Each line from the one containing "This is an authentic" to the end of the entries below is to be set down exactly; the pictures are not.

Data entries

+++

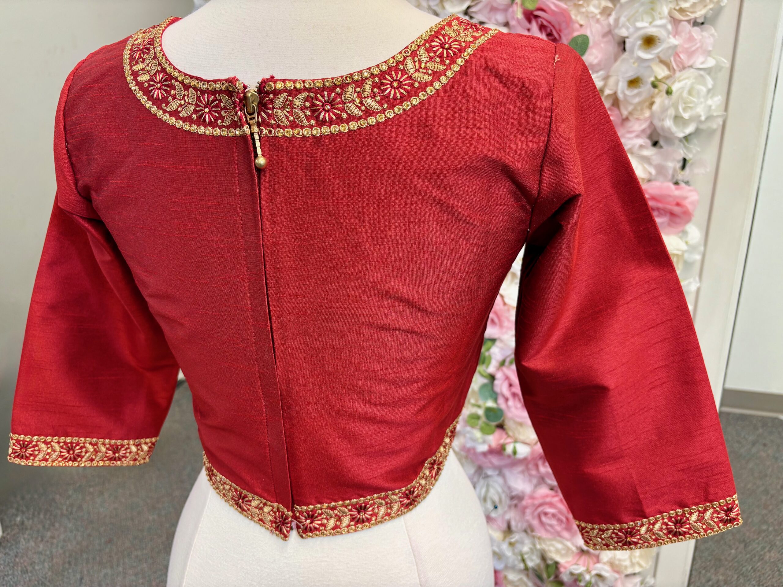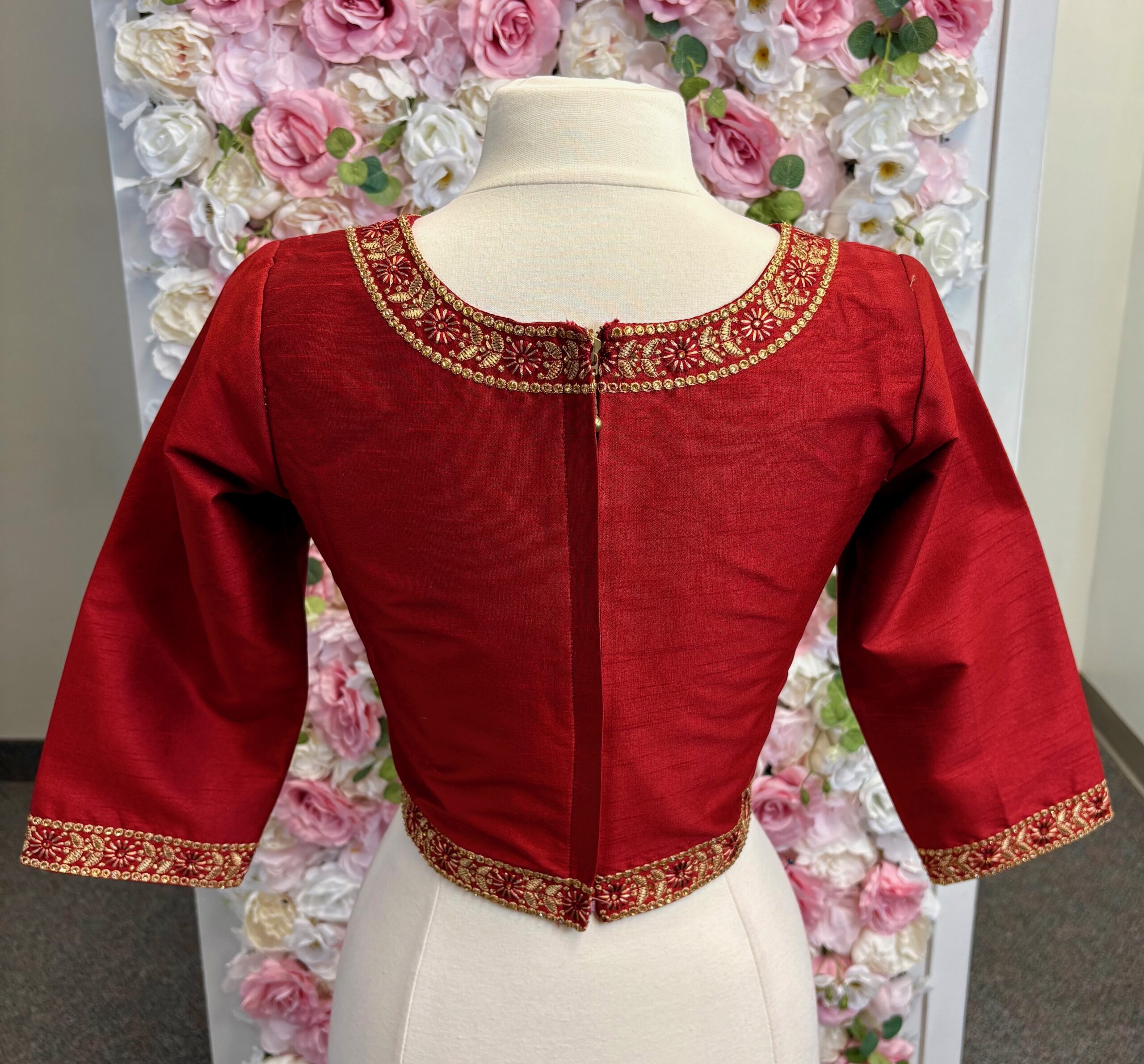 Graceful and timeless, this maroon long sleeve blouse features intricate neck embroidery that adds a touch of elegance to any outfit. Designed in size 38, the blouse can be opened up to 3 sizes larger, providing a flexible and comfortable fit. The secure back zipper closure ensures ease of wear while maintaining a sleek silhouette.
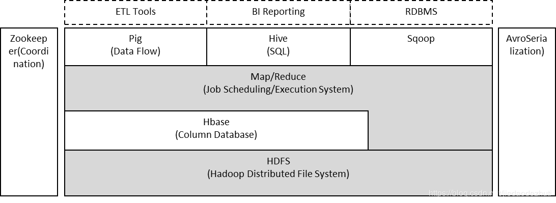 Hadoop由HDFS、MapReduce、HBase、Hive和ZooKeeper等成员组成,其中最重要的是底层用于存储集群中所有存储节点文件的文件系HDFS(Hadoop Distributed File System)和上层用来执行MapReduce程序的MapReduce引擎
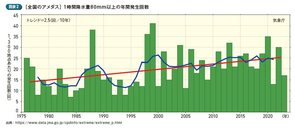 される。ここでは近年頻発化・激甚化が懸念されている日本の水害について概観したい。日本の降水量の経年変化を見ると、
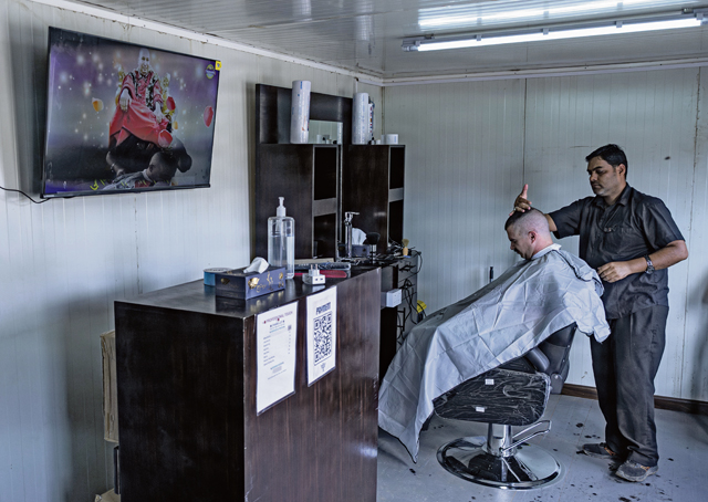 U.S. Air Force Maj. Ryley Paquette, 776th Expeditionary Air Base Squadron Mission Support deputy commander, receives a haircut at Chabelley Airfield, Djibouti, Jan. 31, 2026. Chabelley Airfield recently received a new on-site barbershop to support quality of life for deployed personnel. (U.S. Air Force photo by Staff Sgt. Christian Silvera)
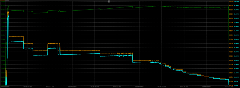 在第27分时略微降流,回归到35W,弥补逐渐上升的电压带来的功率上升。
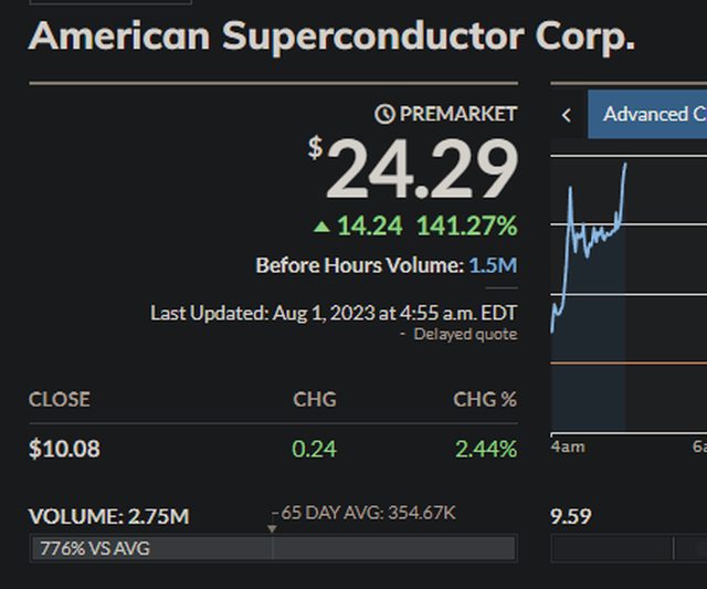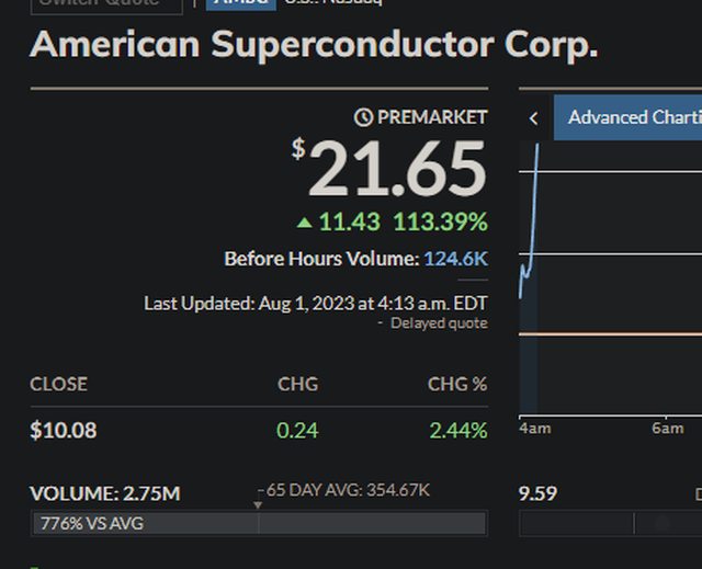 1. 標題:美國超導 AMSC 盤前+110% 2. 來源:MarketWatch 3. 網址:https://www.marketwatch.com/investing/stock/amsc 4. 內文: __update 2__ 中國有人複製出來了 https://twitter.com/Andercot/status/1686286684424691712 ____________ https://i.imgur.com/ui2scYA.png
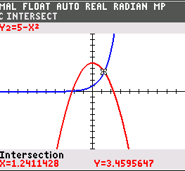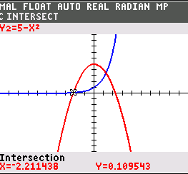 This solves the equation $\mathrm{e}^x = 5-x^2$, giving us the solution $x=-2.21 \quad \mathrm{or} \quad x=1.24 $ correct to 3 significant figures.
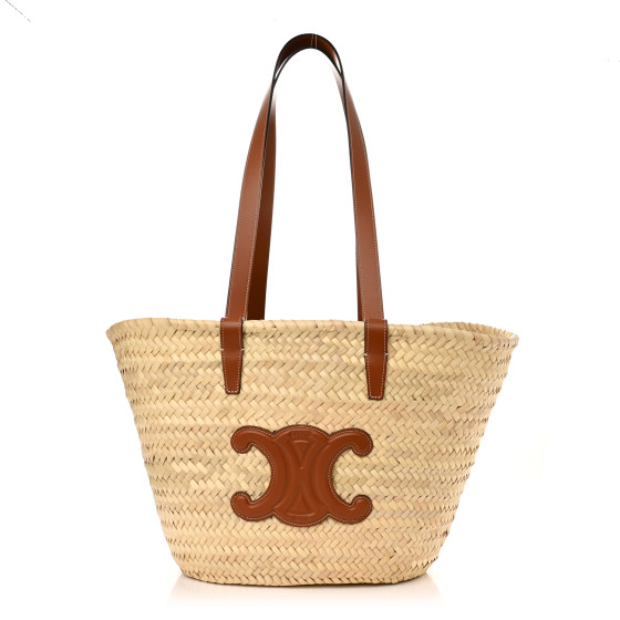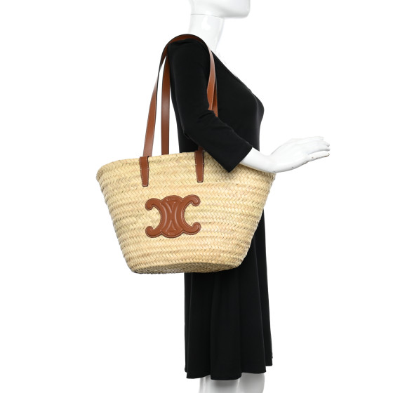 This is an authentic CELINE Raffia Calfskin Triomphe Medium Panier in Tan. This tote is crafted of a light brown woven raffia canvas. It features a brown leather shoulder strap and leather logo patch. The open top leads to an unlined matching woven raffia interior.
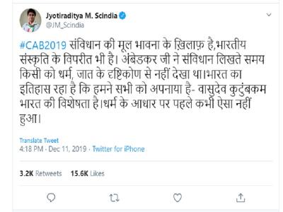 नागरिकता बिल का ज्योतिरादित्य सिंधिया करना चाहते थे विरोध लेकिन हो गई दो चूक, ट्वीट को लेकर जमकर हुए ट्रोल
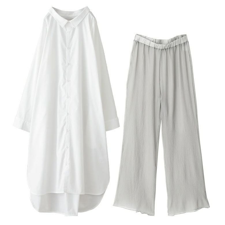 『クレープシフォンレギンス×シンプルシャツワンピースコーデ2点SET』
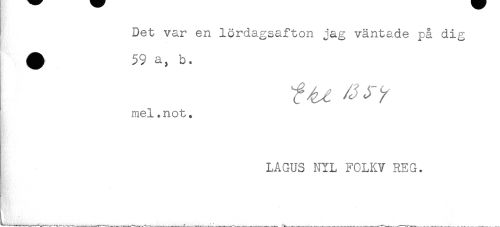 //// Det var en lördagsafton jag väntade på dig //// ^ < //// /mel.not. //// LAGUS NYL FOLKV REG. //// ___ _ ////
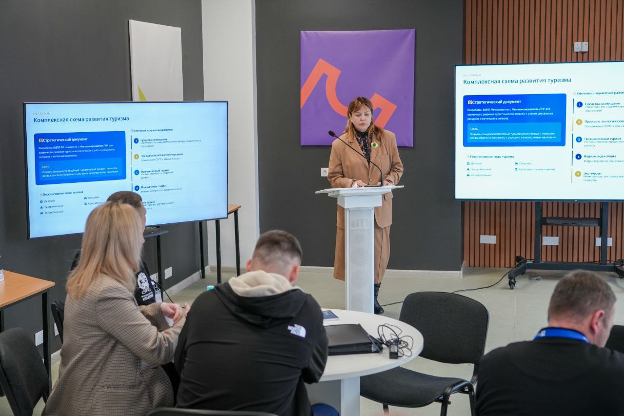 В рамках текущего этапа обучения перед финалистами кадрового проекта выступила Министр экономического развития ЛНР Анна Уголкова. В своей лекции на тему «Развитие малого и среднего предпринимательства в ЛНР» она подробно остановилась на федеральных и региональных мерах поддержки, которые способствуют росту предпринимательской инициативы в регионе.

+++

### Solution to the problem
 This is an authentic CELINE Raffia Calfskin Triomphe Medium Panier in Tan. This tote is crafted of a light brown woven raffia canvas. It features a brown leather shoulder strap and leather logo patch. The open top leads to an unlined matching woven raffia interior.
 नागरिकता बिल का ज्योतिरादित्य सिंधिया करना चाहते थे विरोध लेकिन हो गई दो चूक, ट्वीट को लेकर जमकर हुए ट्रोल
 『クレープシフォンレギンス×シンプルシャツワンピースコーデ2点SET』
 //// Det var en lördagsafton jag väntade på dig //// ^ < //// /mel.not. //// LAGUS NYL FOLKV REG. //// ___ _ ////
 В рамках текущего этапа обучения перед финалистами кадрового проекта выступила Министр экономического развития ЛНР Анна Уголкова. В своей лекции на тему «Развитие малого и среднего предпринимательства в ЛНР» она подробно остановилась на федеральных и региональных мерах поддержки, которые способствуют росту предпринимательской инициативы в регионе.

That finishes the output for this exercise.